L’ayant librement institué, Conté n’a jamais pu se faire au jeu de la démocratie. Militaire de carrière, façonné dans le moule du Parti démocratique de Guinée (PDG, ex-parti unique d’Ahmed Sékou Touré) dont il était membre du comité central, il n’accepte aucune limitation de son autorité ou de son pouvoir. Il est ainsi passé au premier tour de l’élection présidentielle de 1993, à la faveur de l’annulation par la Cour suprême des votes à Siguiri et à Kankan, deux fiefs de son challengeur Alpha Condé, l’un des principaux leaders de l’opposition. Après les législatives contestées de 1995, il a fait arrêter Alpha Condé le lendemain de la présidentielle controversée du 14 décembre 1998, alors même que le résultat du scrutin n’était pas encore connu. Avant de se retrouver seul face à un candidat en trompe-l’oeil cinq ans plus tard, et de se succéder à lui-même avec un score proche de 100 % des suffrages exprimés.

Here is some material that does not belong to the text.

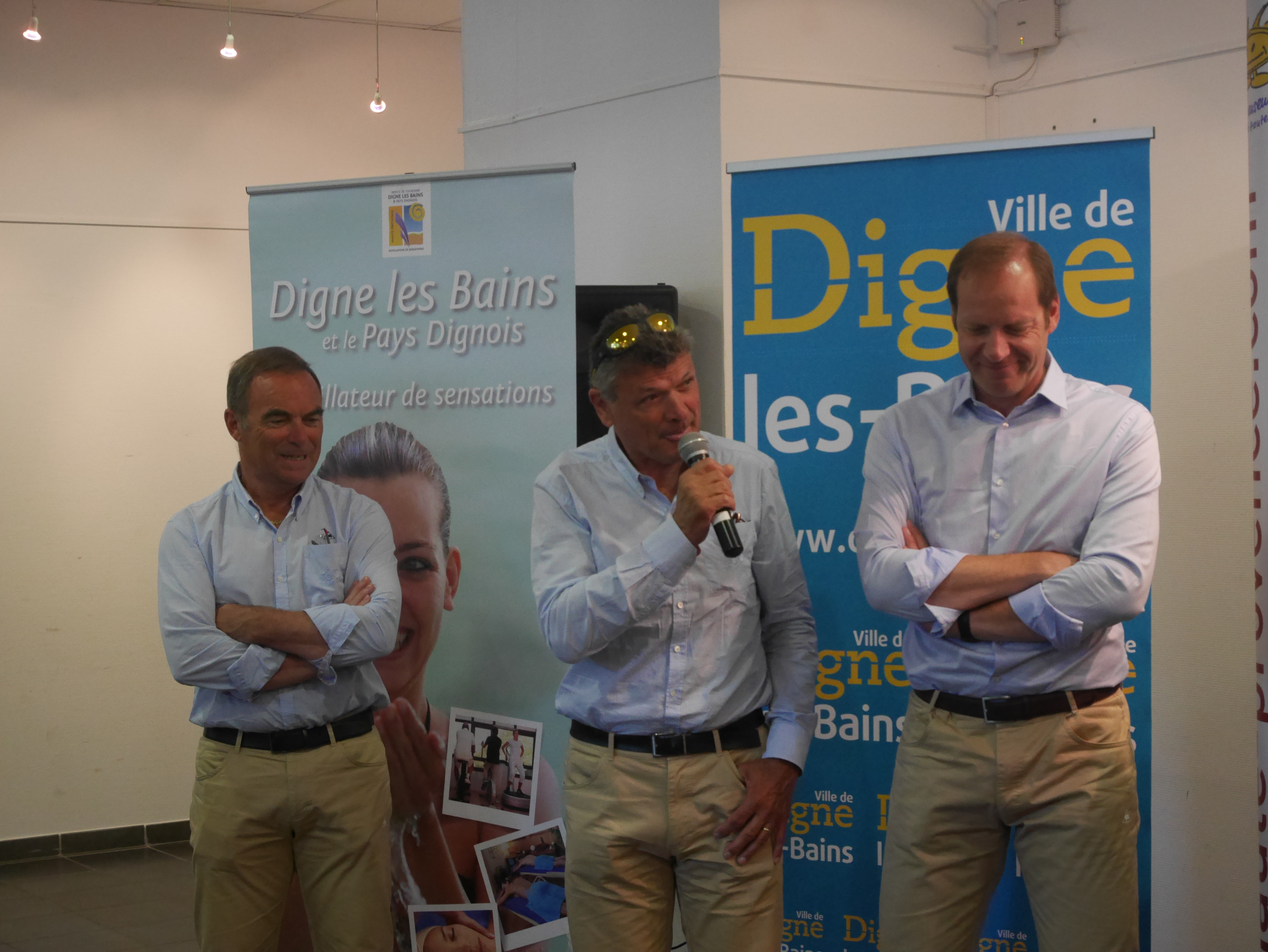 Depuis quelques années ils ont raccroché leurs maillots, Bernard Thévenet dirige le Critérium du Dauphiné et Bernard Hinault est chargé des relations publiques au sein d’Amaury Sport Organisation. Ils étaient dans la cité préfectorale pour promouvoir ce sport très populaire. Digne-les-Bains-Pra-loup Bernard Thévenet connait très bien car c’est là-haut qu’il y a 40 ans il détrônait Eddy Merckx dit « Le cannibale ». Je vous propose d’écouter Patricia Granet ravie d’accueillir cette étape dans sa ville puis nos 2 Bernard ; ils répondent aux questions de Jean-Marc Léca.

Ces dernières années, l’accroissement des difficultés économiques du pays s’est accompagné d’un durcissement progressif du régime. Le 11 novembre 2001, un référendum constitutionnel est venu anéantir la décentralisation (en instituant la nomination des chefs de district et de quartier jusque-là élus) et instaurer la « présidence à vie » (par la modification de l’article 24 de la Loi fondamentale qui limitait à deux quinquennats le nombre de mandats présidentiels). Après l’opposant historique Mamadou Bâ, Sidya Touré, leader de l’Union des forces républicaines (UFR) et Antoine Soromou, chef de l’Alliance nationale pour la démocratie (AND), ont à leur tour goûté aux geôles de Conté respectivement en avril 2004 et en janvier 2005.

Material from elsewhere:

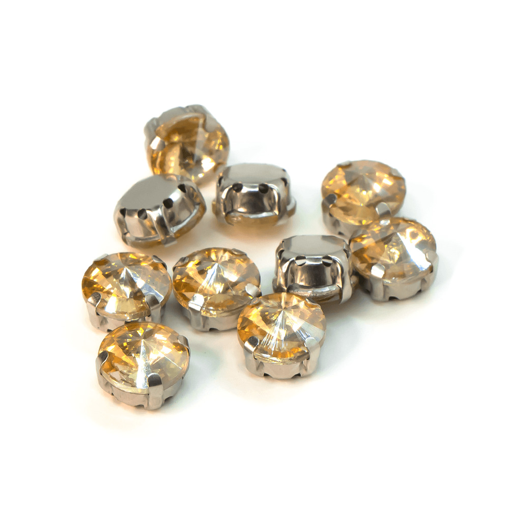Стразы в цапах пришивные Круглые 14 мм Шампань 10 шт.

À la différence de ses voisins (Sénégal, Mali, Côte d’Ivoire…), le pays ne possède pas la moindre radio privée. La Guinée est aujourd’hui l’un des rares pays de l’Afrique de l’Ouest où les leaders de l’opposition n’ont pas la liberté de réunir leurs militants ou de sillonner le territoire pour aller à leur rencontre.
Dans les jours qui ont suivi le vrai-faux attentat manqué contre Lansana Conté du 19 janvier dernier, les responsables des institutions républicaines, les ministres, les autorités administratives locales (préfets et maires) et les responsables du parti au pouvoir ont ressuscité les images de l’époque révolutionnaire en se succédant sur l’écran de la télévision nationale pour réclamer en choeur le « châtiment des coupables ». Une régression démocratique proportionnelle à la faillite économique de l’État.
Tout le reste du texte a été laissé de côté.